Task material START

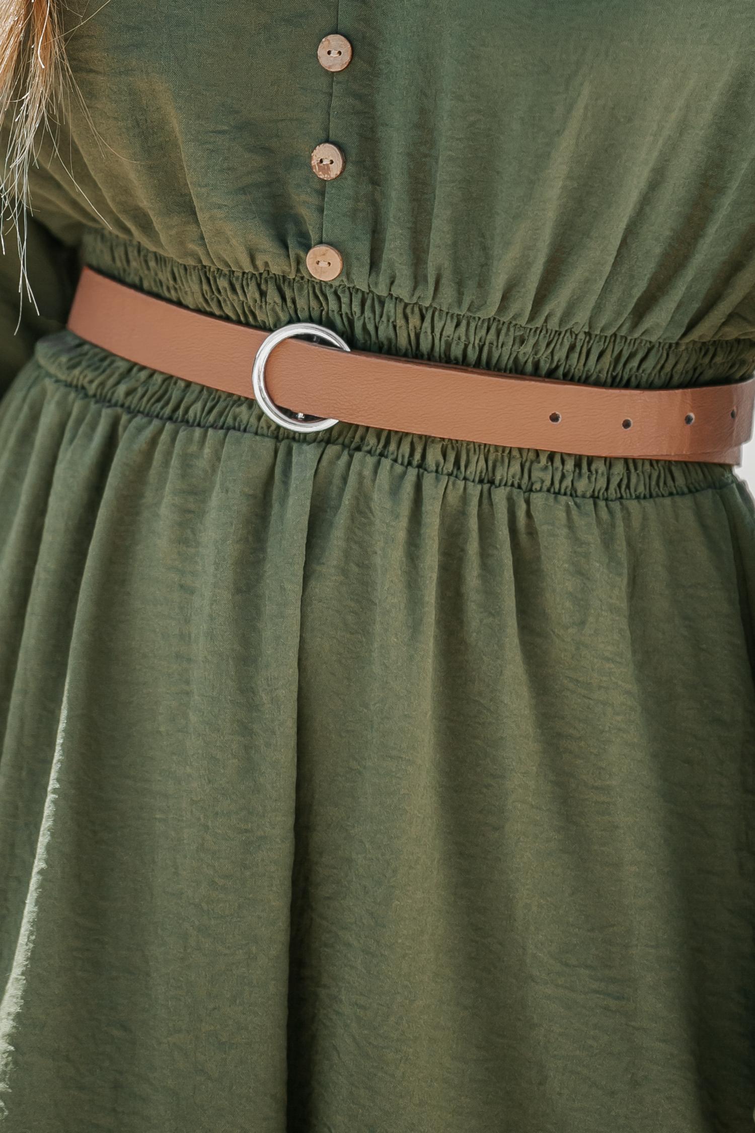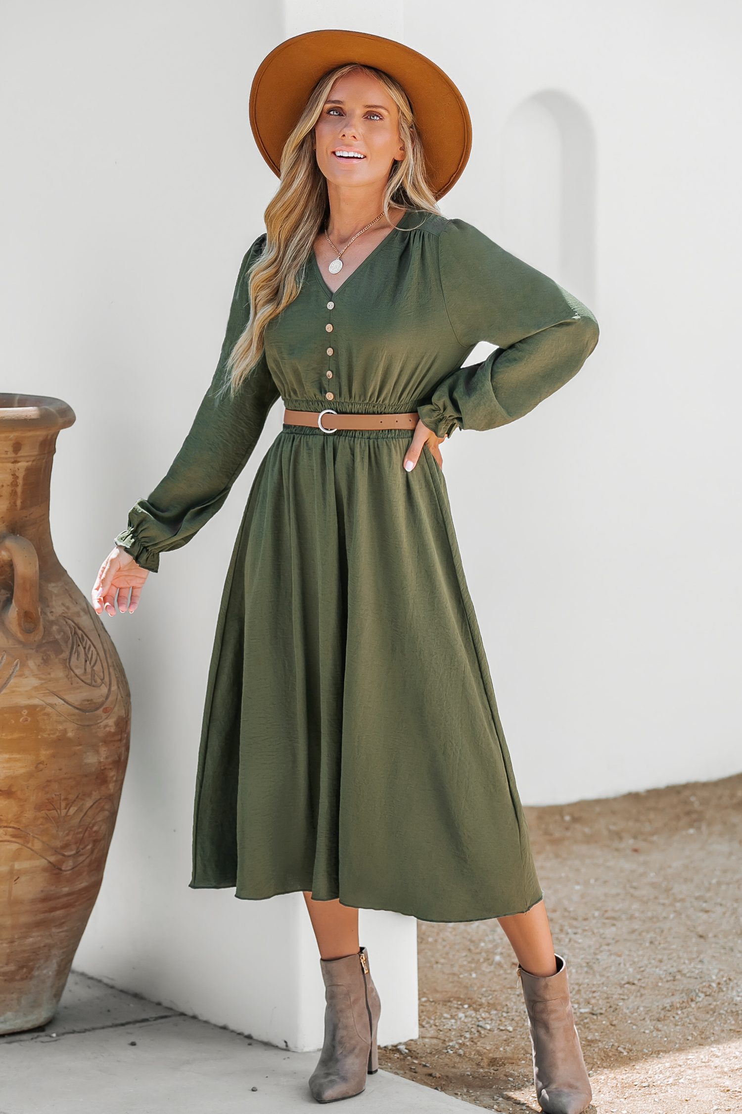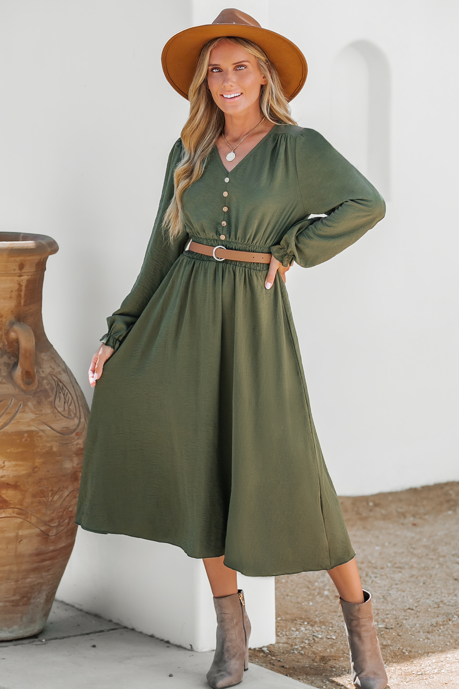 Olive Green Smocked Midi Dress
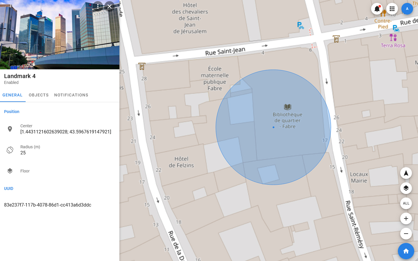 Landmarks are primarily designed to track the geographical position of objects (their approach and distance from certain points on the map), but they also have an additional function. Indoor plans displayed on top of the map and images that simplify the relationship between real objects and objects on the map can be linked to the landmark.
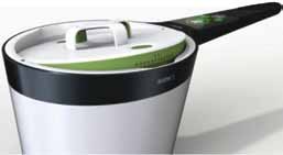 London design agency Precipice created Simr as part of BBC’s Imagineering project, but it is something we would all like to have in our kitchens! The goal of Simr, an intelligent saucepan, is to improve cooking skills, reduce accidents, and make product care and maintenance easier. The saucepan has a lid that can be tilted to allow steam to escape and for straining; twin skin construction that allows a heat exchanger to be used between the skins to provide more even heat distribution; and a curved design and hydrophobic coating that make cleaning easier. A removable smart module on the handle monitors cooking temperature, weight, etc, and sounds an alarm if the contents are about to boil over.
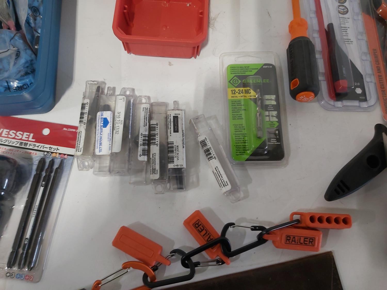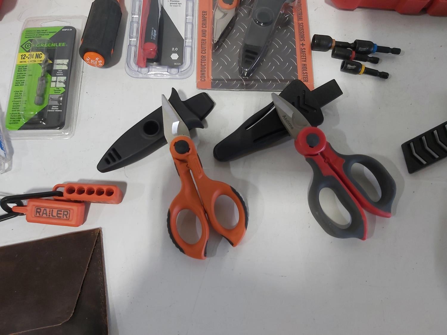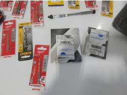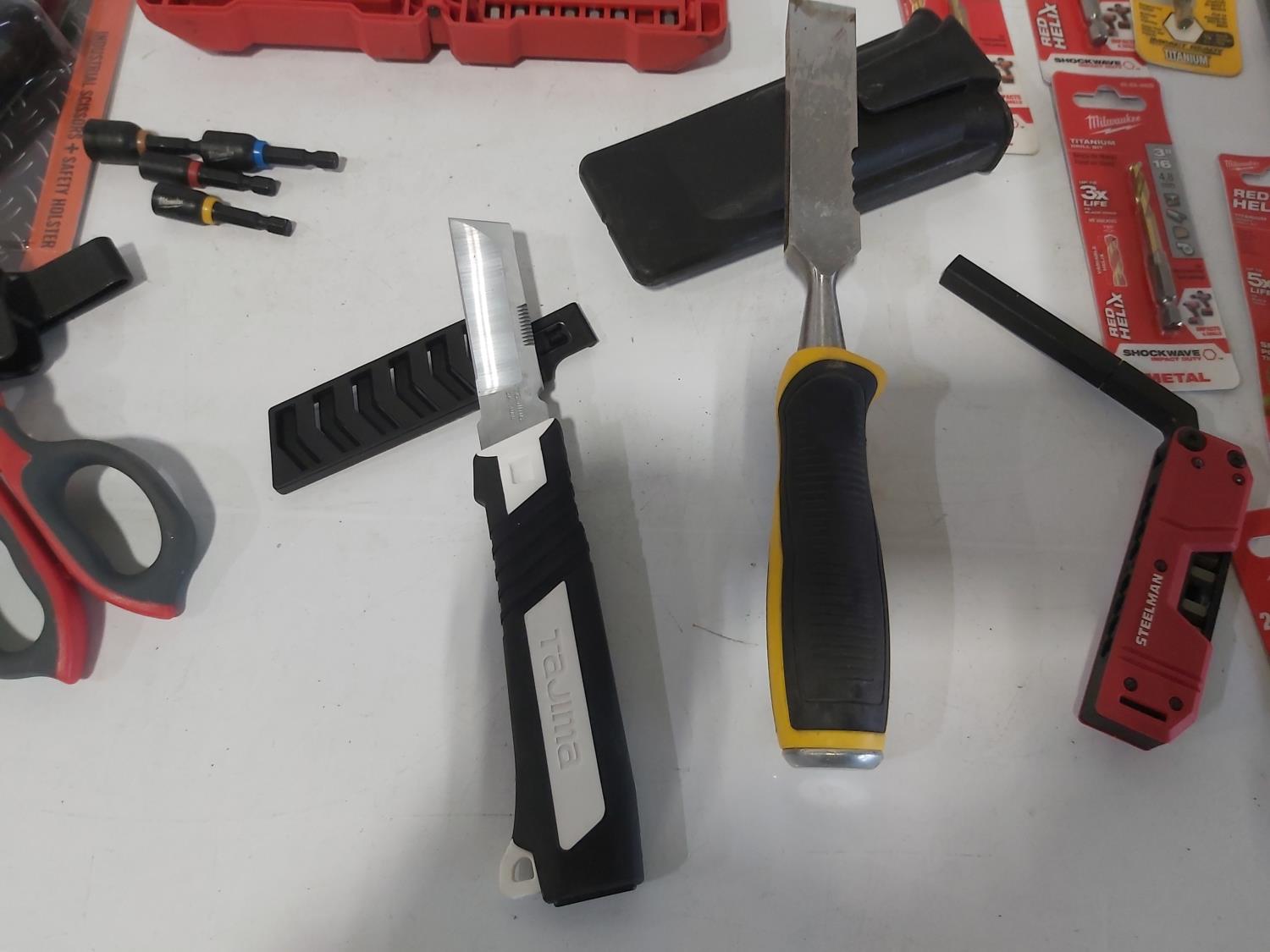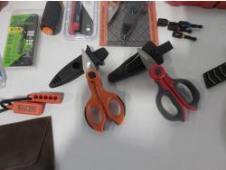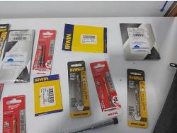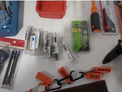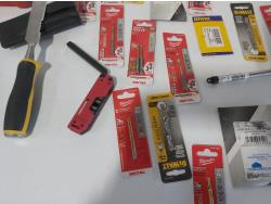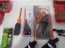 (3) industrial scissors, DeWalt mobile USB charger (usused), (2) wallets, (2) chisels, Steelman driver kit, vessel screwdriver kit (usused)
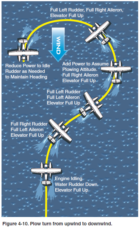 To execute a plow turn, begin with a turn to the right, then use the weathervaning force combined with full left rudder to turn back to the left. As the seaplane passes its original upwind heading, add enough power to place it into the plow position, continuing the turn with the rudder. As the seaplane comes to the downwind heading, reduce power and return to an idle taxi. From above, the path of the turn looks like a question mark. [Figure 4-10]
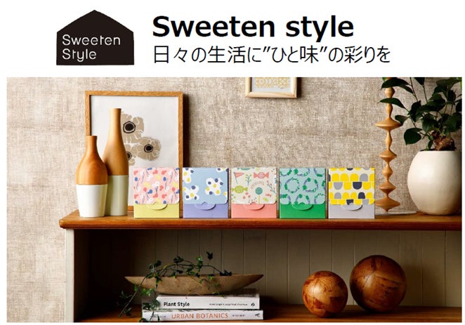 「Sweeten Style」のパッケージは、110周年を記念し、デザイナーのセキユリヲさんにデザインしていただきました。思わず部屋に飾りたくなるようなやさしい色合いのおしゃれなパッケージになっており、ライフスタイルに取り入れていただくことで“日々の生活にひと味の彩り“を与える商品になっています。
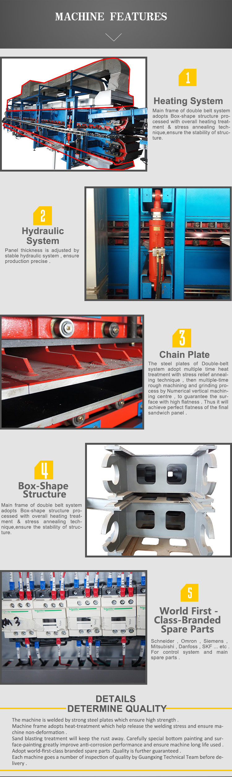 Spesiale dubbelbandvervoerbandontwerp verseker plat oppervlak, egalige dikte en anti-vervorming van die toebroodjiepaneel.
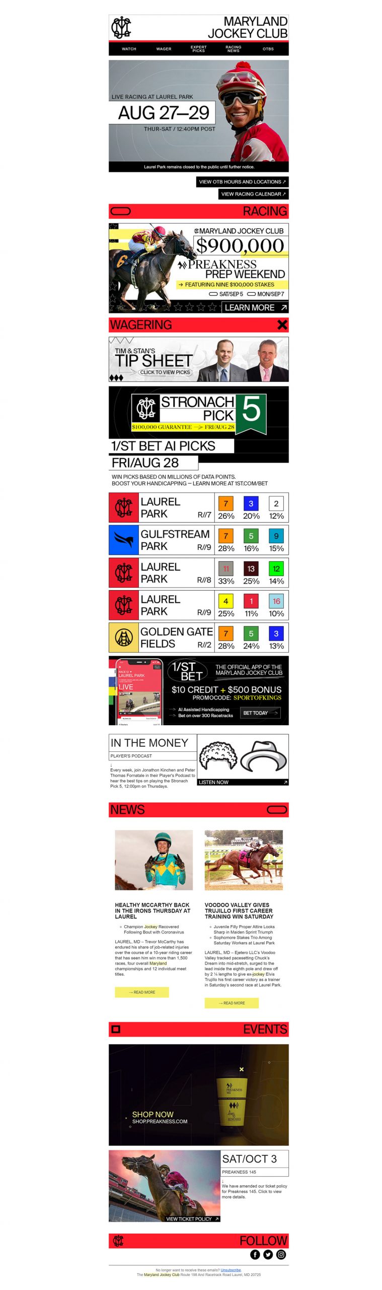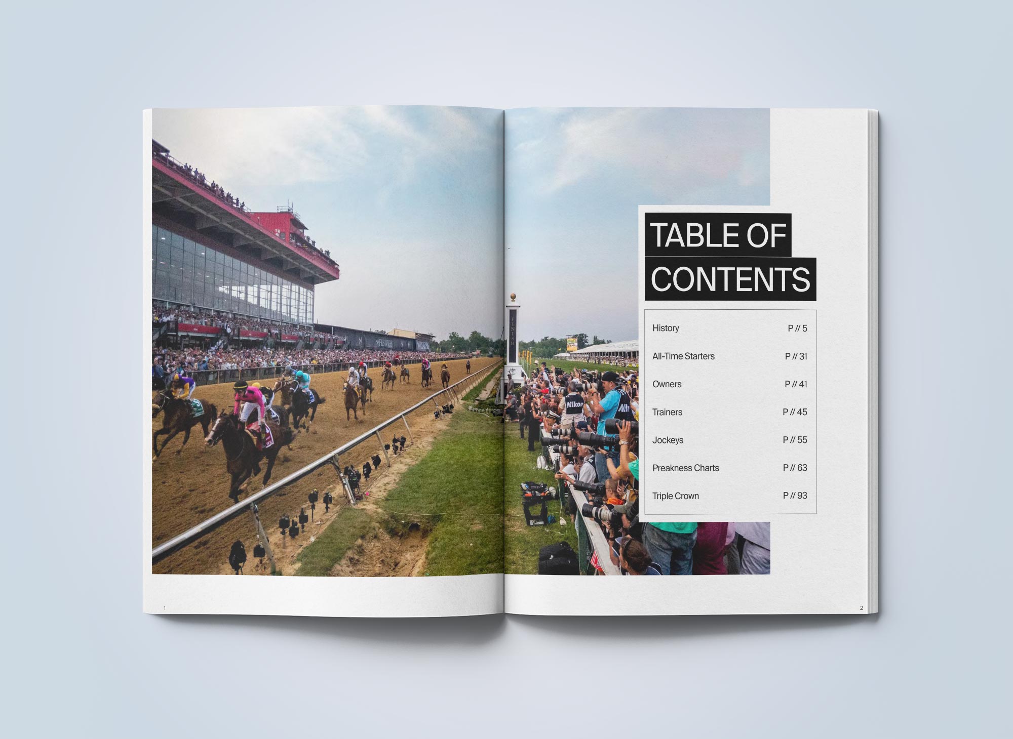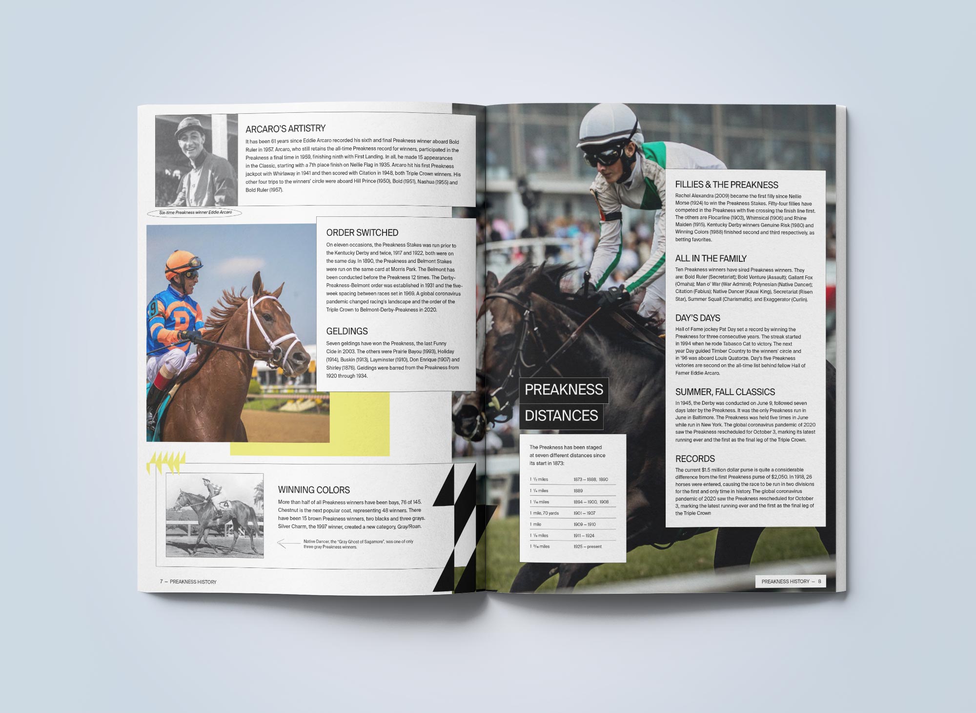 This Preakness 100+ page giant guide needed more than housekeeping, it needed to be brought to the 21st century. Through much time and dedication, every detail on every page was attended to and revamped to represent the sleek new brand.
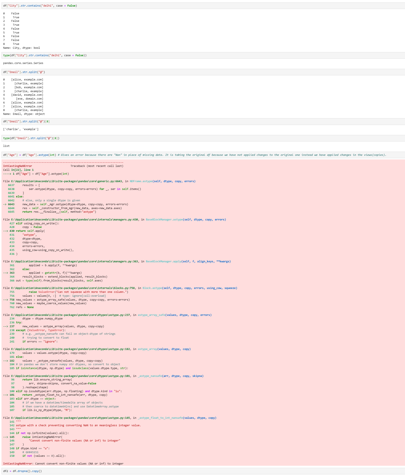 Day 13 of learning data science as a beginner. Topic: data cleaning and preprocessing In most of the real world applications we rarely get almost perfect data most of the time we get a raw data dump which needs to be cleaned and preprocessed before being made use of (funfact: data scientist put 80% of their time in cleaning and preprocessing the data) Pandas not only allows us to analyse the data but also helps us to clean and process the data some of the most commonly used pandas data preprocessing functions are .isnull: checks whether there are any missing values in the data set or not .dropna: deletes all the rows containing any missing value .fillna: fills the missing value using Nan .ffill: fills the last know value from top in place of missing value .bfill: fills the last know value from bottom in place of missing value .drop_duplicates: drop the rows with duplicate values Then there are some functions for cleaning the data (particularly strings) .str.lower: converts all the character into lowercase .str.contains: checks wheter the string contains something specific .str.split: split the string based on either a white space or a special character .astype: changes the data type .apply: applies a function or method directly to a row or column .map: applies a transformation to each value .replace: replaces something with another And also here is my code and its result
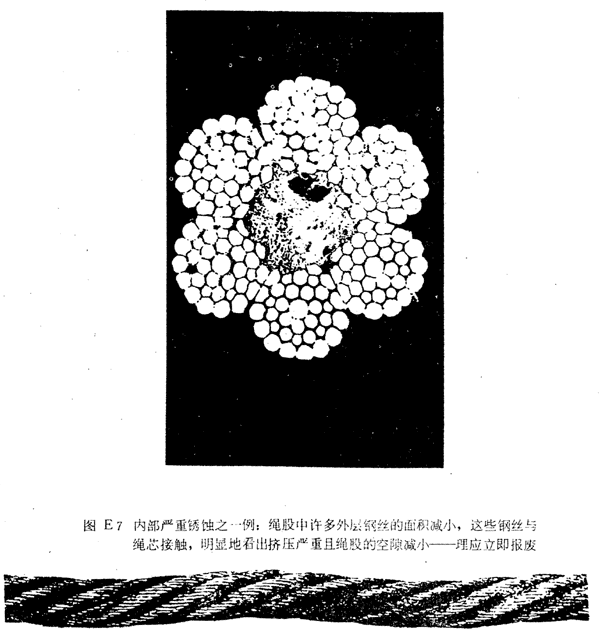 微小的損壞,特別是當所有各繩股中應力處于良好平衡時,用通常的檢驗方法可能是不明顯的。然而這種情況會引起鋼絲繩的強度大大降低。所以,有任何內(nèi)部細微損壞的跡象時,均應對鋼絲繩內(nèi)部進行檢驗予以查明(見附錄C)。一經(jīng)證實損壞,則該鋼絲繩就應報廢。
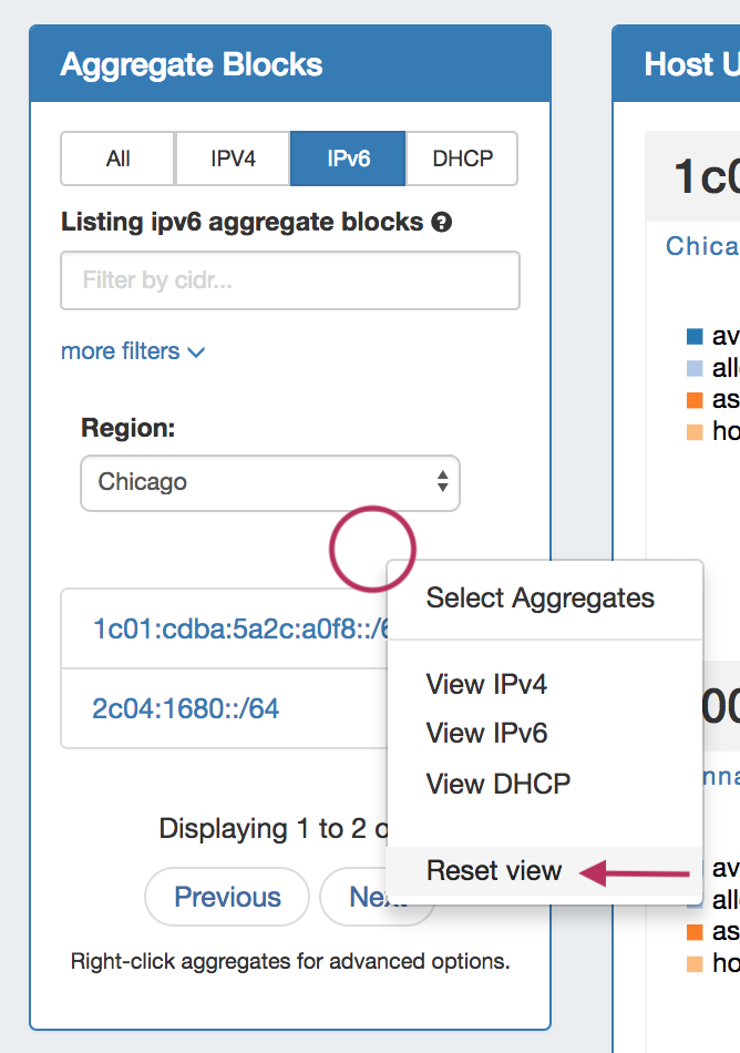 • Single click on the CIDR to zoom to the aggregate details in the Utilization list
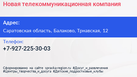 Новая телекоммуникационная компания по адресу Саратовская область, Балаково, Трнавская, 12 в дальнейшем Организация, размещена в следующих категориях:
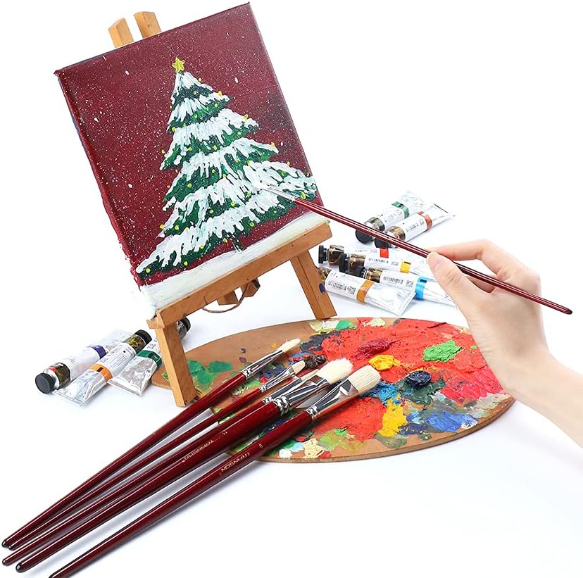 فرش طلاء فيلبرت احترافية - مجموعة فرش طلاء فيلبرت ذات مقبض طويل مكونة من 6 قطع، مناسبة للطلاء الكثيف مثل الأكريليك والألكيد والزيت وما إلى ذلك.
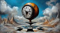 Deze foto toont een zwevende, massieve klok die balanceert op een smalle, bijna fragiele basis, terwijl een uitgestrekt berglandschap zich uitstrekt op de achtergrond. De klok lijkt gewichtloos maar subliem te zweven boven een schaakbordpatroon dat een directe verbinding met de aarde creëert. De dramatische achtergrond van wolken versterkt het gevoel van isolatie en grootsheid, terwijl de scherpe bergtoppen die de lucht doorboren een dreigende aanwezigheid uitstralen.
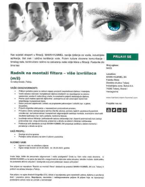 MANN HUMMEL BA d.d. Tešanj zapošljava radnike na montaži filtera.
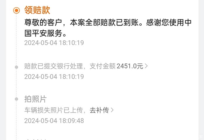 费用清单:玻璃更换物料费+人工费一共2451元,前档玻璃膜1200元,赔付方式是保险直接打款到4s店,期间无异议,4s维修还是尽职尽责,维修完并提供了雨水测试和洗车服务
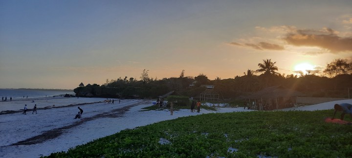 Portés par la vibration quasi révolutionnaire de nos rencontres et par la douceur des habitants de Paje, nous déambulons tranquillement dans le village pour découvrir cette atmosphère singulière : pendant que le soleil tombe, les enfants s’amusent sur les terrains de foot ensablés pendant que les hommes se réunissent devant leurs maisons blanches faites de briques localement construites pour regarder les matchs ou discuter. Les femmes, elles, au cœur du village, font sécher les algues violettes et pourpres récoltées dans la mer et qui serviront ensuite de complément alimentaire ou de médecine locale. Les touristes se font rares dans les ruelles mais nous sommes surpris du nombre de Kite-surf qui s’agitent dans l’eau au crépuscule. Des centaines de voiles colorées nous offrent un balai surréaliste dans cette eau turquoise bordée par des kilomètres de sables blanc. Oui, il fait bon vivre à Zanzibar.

Task material END

Problem description: Of all the material above, only the lines from the one that has "Spesiale dubbelbandvervoerbandontwerp verseker" down to the one that has "This Preakness 100+" are to be written out, exactly and with both ends included. Pictures are skipped.

The completed task:
 Spesiale dubbelbandvervoerbandontwerp verseker plat oppervlak, egalige dikte en anti-vervorming van die toebroodjiepaneel.
 This Preakness 100+ page giant guide needed more than housekeeping, it needed to be brought to the 21st century. Through much time and dedication, every detail on every page was attended to and revamped to represent the sleek new brand.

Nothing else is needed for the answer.